Highway 167 enters Arkansas at Junction City, a twin city with Junction City, Louisiana. Entering the state, Highway 167 is paired with U.S. Highway 63. The highways runs northeast through rural Union County to a junction with Highway 7 near the historic Joel Smith House. The three highways begin a concurrency intersect U.S. Highway 82 shortly after entering El Dorado. North of this junction is a grade-separated intersection with U.S. Highway 82B and U.S. Highway 167B, leading into downtown El Dorado and the El Dorado Commercial Historic District. The next intersection is with Main Street and is also grade-separated. Highway 63 breaks from the aforementioned concurrency to the east toward Warren. Following an interchange with Champagnolle Road, Highway 167 ends its overlap with Highway 7 by exiting the freeway and heading north toward Calion. This intersection also serves as the northern terminus for Highway 167B, with Highway 7 continuing north toward Smackover.
Highway 167 runs north through sparsely populated parts of southern Calhoun County prior to entering Hampton, the county seat. The highway intersects U.S. Highway 278 (Main Street) and passes by the historic Calhoun County Courthouse and the Hampton Waterworks, both listed on the National Register of Historic Places.
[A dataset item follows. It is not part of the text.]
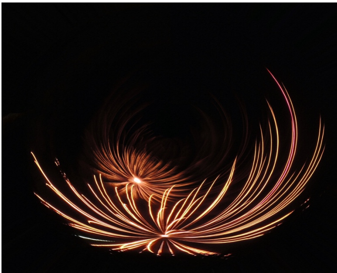
Arlene Willnow "Fire Works" 2 nd Place

In the northern part of the county, Highway 167 meets another of its three business routes in the state, which runs into downtown Thornton. Highway 167 continues northeast to a junction with U.S. Highway 79, and the two routes begin a concurrency toward Fordyce.

==History==
===Original southern terminus and extensions===
US 167 was designated in November 1926 as one of the original routes of the numbered U.S. Highway system. At that time, it was a much shorter route with a southern terminus at US 71 between Aloha and Colfax, northwest of Alexandria. The entire route within Louisiana followed an auto trail organized in 1919 known as the Pershing Way. Like the more well-known and established Jefferson Highway, the Pershing Way was promoted as an international highway stretching from New Orleans to Winnipeg, Manitoba, Canada. However, the two followed entirely different routes through Louisiana that intersected in Alexandria. While the Jefferson Highway traveled diagonally across the state, the Pershing Way made an "L" by heading west from New Orleans to Lafayette via the Old Spanish Trail (another auto trail and the predecessor of US 90) before turning north and cutting through the center of the state. When Louisiana implemented a numbering system for its state highways in 1921, the Pershing Way was designated as State Route 5. Once the state began signposting its U.S. Highways in 1928, they remained co-signed with their respective state designations until a renumbering of the system in 1955 eliminated such concurrencies.

Since its creation in 1926, the southern terminus of US 167 has been moved twice. In 1932, the highway was shifted south of Winnfield to follow State Route 99, an early addition to the state highway system that had recently been paved. This change took the highway through Dry Prong to a different junction with US 71 near Creola, slightly extending the route and allowing a more direct connection with Alexandria. The original alignment was a gravel route that followed what is now LA 471 through Verda to Atlanta and LA 34 from Atlanta to Winnfield.

US 167 assumed its full length in Louisiana in 1949, when the designation was extended over existing highways southward to Abbeville. State Route 43 carried the highway from Abbeville to Lafayette with the old Pershing Way (Route 5) taking it from there as far as Nuba, a point between Opelousas and Washington. The remainder of the distance to Alexandria was primarily composed of State Route 22 to Ville Platte, State Route 23 to Bayou Chicot, State Route 218 to Turkey Creek, State Route 26 to Meeker, and the concurrent US 71/State Route 1 into the city.

===Early routings and special routes in Alexandria and Lafayette===
In Alexandria, US 167 initially followed a path similar to its current business route and that of US 165. I-49 and the Pineville Expressway did not yet exist, and the primary through-town route followed MacArthur Drive, Lee Street, Bolton Avenue, and Murray Street into the downtown area. The highway crossed the Red River via the Murray Street Bridge, now demolished and replaced with the parallel Jackson Street Bridge. It continued through Pineville on Main Street, Military Highway, and Jefferson Highway to the modern junction of US 71 and US 165. The route then followed US 71 to Tioga and LA 3225 to Creola.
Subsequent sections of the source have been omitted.